It might seem an inevitable conclusion that a quarterback would be better in his second year as a starter than he was in his first year.
But at Oklahoma, history offers pretty definitive proof that Spencer Rattler is on the cusp of a huge 2021 season.
Rattler goes into this week’s season opener at Tulane (dependent on what Hurricane Ida has wrought) expecting to make a big jump in Year Two.
“I’m excited to see what boxes I can check off hopefully,” Rattler said.
Every OU quarterback since 2000, from Josh Heupel to Baker Mayfield, saw either a massive jump in efficiency, productivity or both in his second year as the starter.
Oklahoma QBs, Year Two
That’s a natural part of a quarterback’s journey, head coach Lincoln Riley said.
“He understands our system a lot better,” Riley said. “I think he’s able to self-correct a lot quicker. Typically, even if there’s a mistake, he has a pretty good idea right away of what it was. He’s certainly been more consistent and more trusting with his decisions and his reads. I think with that it allows you to feel out and play some of the game situations a little better.”
Heupel’s emergence in 1999 as a prolific southpaw wowed a fanbase that had been smitten for generations with a dynamic ground game.
But although Heupel endured some significant injuries and a change in coordinators (from Mike Leach to Mark Mangino) and quarterback coaches (from Leach to Chuck Long) in Year Two under Bob Stoops, his completion percentage, his yards and his efficiency rating all went up.
Heupel’s touchdowns fell from 30 in ’99 to 20 in 2000, but that Oklahoma team was more reliant on an effective running game and a dominating defense. He didn’t have to throw the football as much, and the Sooners won the National Championship.
Similarly, Jason White’s touchdowns went down in 2004 (from 40 to 35) as he defended his ’03 Heisman Trophy with a much-improved running game (true freshman Adrian Peterson ran for 1,925 yards and 15 TDs).
But while White’s yardage total dropped off (from 3,846 to 3,205), his completion percentage skyrocketed from .616 to .654, and his efficiency rating rose slightly as well. Both years, White led OU to the BCS National Championship Game.
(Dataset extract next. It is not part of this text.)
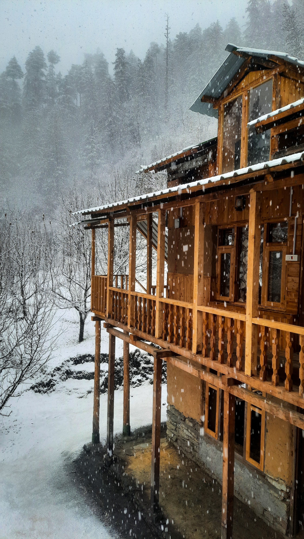 * Relax with the whole family at this peaceful place to stay. a wooden cottage in the middle of mountain with a spectacular view * there's a spacious bedroom, and an attic which function as a bedroom * bone fire 500/- * Broadband Wifi free * our cottage is in one of the most beautiful spots in the town. * Every single guest who stayed with us left happy. * there's a 700 meter trek, hut 99% of the young adults can make it.

Heupel and White were older, more experienced players when they won the job at OU. Sam Bradford won it as a redshirt freshman. Still, Bradford shattered numerous NCAA freshman passing records in 2007 — then took college quarterback play to a whole new level as a third-year sophomore in 2008.
Operating Kevin Wilson’s high-tempo offense and supported by future NFL players all around him, Bradford’s numbers were through the roof in 2008: 1,600 more passing yards, 14 more touchdown throws, four more points on efficiency rating. That, and a trip to the BCS National Championship Game, got Bradford the Heisman Trophy.
In 2009, Landry Jones wasn’t ready to be the Sooners’ quarterback. That was supposed to be Bradford’s swan song, his chase for a Heisman repeat. Instead, Bradford went down with a shoulder injury in the season opener, and Jones was thrust into action.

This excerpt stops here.